A los pablorromeros habría que buscarles una salida, una investigación subvencionada para conocer ese mal endémico que les ataca, de consanguinidad quizá, dinero público para que no se nos pierda una ganadería que no se debe perder nunca aunque esté perdida ahora mismo. El ostracismo, la oscuridad y la marginación serían el peor de los finales. Veinte años al menos se acumulan sobre las espaldas de distintos propietarios en pos de la recuperación, y nada. Que le pregunten a Paco Medina el secreto para que no se le caigan ahora los ventorrillos, que se mueven como ningún otro hierro tras temporadas recientes de fragilidad. Conque los pablorromeros no se nos fuesen al suelo se vería algo de luz, porque sólo la lámina, los párpados envueltos en un rímel natural, los hocicos chatos, plateadas las pieles, las astas buidas, cortas las manos, finos los cabos, amplios los pechos... y el alma yerta.
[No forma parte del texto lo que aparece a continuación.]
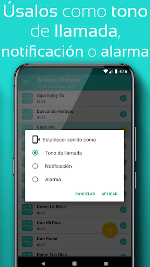 With this Christian music ringtone downloader you can download the mp3 file, share the sounds on WhatsApp and social networks or set your favorite song on your Android phone as a ringtone for calls, message tones, text tones, notification sound, ringtone. alarm or tone for WhatsApp. You can't listen to the ringtones offline, without Internet or Wi-Fi, because you need to download the mp3 files. When you play the ringtone, it will stop to play the ringtones or cell phone ringtones when a call comes in.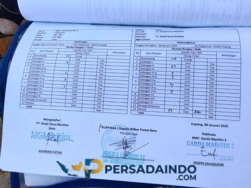 Rote Ndao – Babinsa Koramil 1627/Rote Ndao, Kopka Ferdinan K., melaksanakan kegiatan pengamanan dan pemantauan di Pelabuhan ASDP Pantai Baru, Desa Ofalangga, Kecamatan Pantai Baru, Kabupaten Rote Ndao, Kamis (8/1/2026).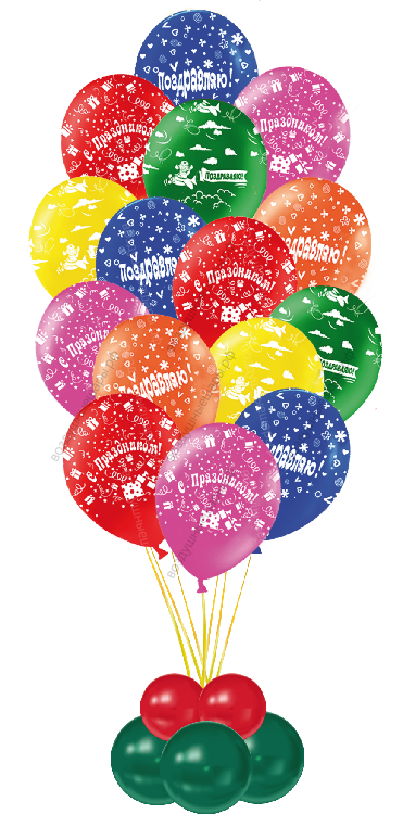 Фонтан из 15 шаров "Поздравляю" - это большая напольная композиция из шаров, высотой от полутора до двух метров (см. Свойства товара). Она мобильна и ее легко переставить в нужное место.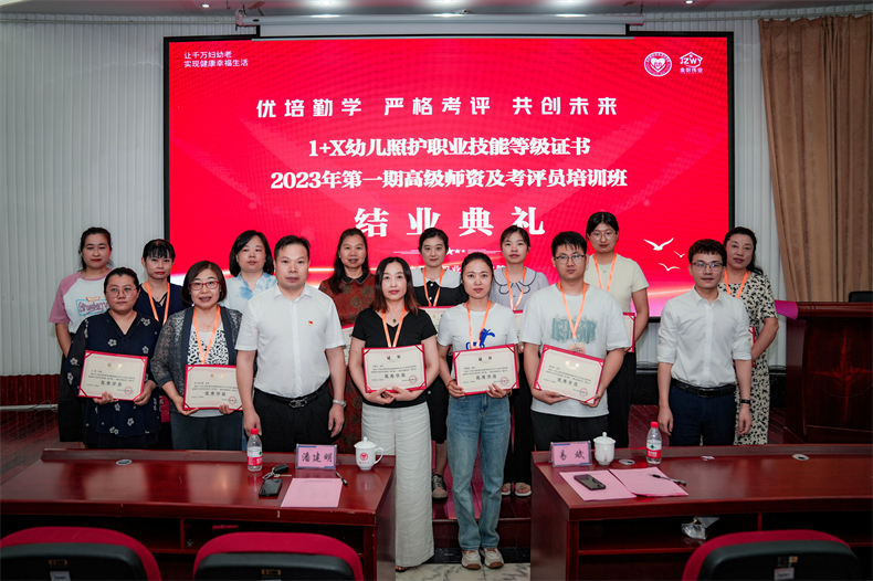 易斌就“祝賀、融合、共舞”三方面作分享,“希望各位老師能明確使命擔當,成為幼兒照護知識的傳播者、學生成長成才的引領者,金職偉業也將全力協助,做好服務,發揮校企協同育人作用,為幼兒照護行業發展貢獻力量。”至此,此次1+X幼兒照護職業技能等級證書2023年第一期高級師資及考評員培訓班正式結業。
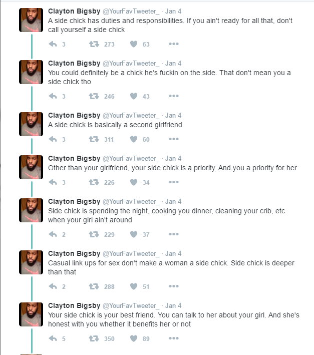 The conversation on side chicks will never grow old. This tweep brings a different perspective to the term ‘side chicks’, says they are honourable and help the main relationship prosper.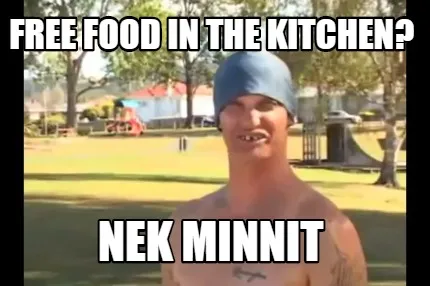 Make your own "Free food in the kitchen? Nek minnit" meme with MemeCreator's free online meme generator. Add text, stickers, and drawings — then download or share. No watermark, no sign-up required.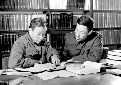 王大珩(左)与他的学生中国科学院长春光学精密机械研究所副研究员蒋筑英在研究工作(资料照片)。新华社发

La presentación acababa en sí misma, irreprochable pero inútil, floja, vaga, inválida.
Joselito finiquitó su feria al pasar por caja, una gran apuesta para su economía estas tres tardes isidriles con las que la empresa vistió, en parte, los carteles. Joselito sabía de la necesidad de nombres de lustre para el gran público y, por tanto, para los organizadores. Incluso manifestó al principio de mayo que su sueño es torear una semana entera en Madrid: no, gracias. Tal y cómo se colocaba con aquel pablorromero cárdeno tocado arriba de pitones y un punto violento era tan ridículo como la izquierda preocupándose ahora por el Ejército y sus muertos, por las Fuerzas Armadas que despreciaron siempre, desde la transición, durante un cuarto de siglo de democracia y olvido. Llamazares en defensa de los militares es como creer a todos los que, en cuanto peregrinan a los pueblos, hablan de la resurrección de Joselito. La tetraplejia del cuarto, el más pablorromero de todos, atrajo el pañuelo verde y, a continuación, un sobrero atacado de kilos de Castilblanco, sin cuello y con un asta zurda supuestamente arreglada, que no es lo mismo que afeitada, ojo. Fue incierto por el derecho e inédito por el contrario, altivo por ambos, con aquellos toques hacia la M-30...

Figura encorsetada

Sergio Aguilar se doctoró con una preciosidad de toro que no se sostenía; la ceremonia, con los tres matadores con las monteras caladas, más bien se asemejaba a un pasamanos de pésame. Aguilar torea bajo una clara influencia de José Tomás, pero del José de la segunda época, con la figura encorsetada y la cintura rígida. Con el sobrero que hizo sexto y que no arrollaba sin descolgar se dejó enganchar infinidad de veces. La personalidad que quiere dar a su toreo no es suya.

Puerto no se encontró con ninguno de sus dos flojos enemigos. De cualquier forma, parece difícil su rehabilitación, más que la de esta Feria de la que el personal se pega por salir.